If you take out a loan then you are responsible for repaying it.
There are three ways you can legally take out a loan:
1. In your own name, i.e. a personal loan
2. With someone else, i.e. a partner
3. For someone else, i.e. as a guarantor
In this blog, we explain more about how each of these options works, but, more importantly, how you can be breaking the law if you take out a loan in any other way.
Taking a loan out in your own name
If you want to take out a loan, you will go through the following process.
First, you will apply and, once accepted, the money will go into your account for you to do what you want with. You’ll then repay it over the course of the repayment term with interest.
You’ll keep making repayments for the length of the term until the balance is clear. As you reach the end of your loan term, it may be possible to make a lump-sum payment to clear what’s left outstanding.
Whether you take out a homeowner or personal loan, you should apply for it in your own name. You are then solely responsible for repaying it.
Taking out a loan WITH someone else
In this case, the process is exactly the same but instead of just taking into account your finances, the lender will also take into account your partner’s.
This is a loan that you are both named on and so both responsible for.

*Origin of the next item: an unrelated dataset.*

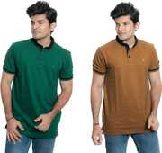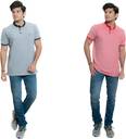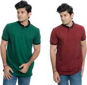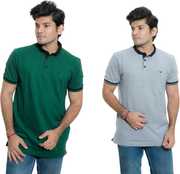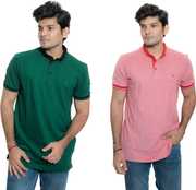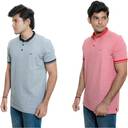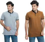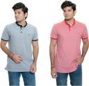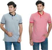 Motus Solid Men Mandarin Collar Pink, Grey T-Shirt

Taking out a loan FOR someone else
Both of the options we’ve looked at so far are perfectly legal. You are borrowing the money for your own use and agreeing to pay it back.
Another option is that someone else applies for a loan in their name and asks you to act as guarantor. In this situation, they will receive the money – not you – and they will be responsible for repaying it. But, where a guarantor loan differs is that if they stop making their repayments, the lender expects you to take over.
You may agree to be a guarantor on someone’s loan – it’s common for parents to do this for their children, for example.
Power of Attorney
But while you can act as a guarantor for someone else taking out a loan, is it possible to actually apply and take out a loan in their name and on their behalf?
Well, the only way that you can legally take out a loan in someone else’s name is if you have Power of Attorney (POA) over their finances.
POA is granted when someone is unable to run their finances properly themselves, either because they’re in poor physical or mental health, for example.
If you have Power of Attorney over someone else’s finances and they wish to take out a loan, you will be in charge of applying for this on their behalf – if you think it’s in their best interests to do so.
The money from the loan is theirs, the debt will be in their name and they will be responsible for repaying it.
Bear in mind that, depending on why you have Power of Attorney, the applicant may struggle to be accepted for a loan (for example, if they are unable to work, they could be turned down once the lender realises they don’t have the money coming in to cover their repayments).
When is it not legal?
So far, we’ve outlined the main ways to legally take out a loan.
However, if you take out a loan in someone else’s name - either with or without their consent or knowledge - it is illegal and, quite simply, you are committing fraud. Even if you have permission from the person whose name you’re using, the lender you’re applying to will carry out all their checks on that person and not you when processing your application.
This is fraud because you are misleading the lender by making them think it’s someone else who’s applying to borrow from them.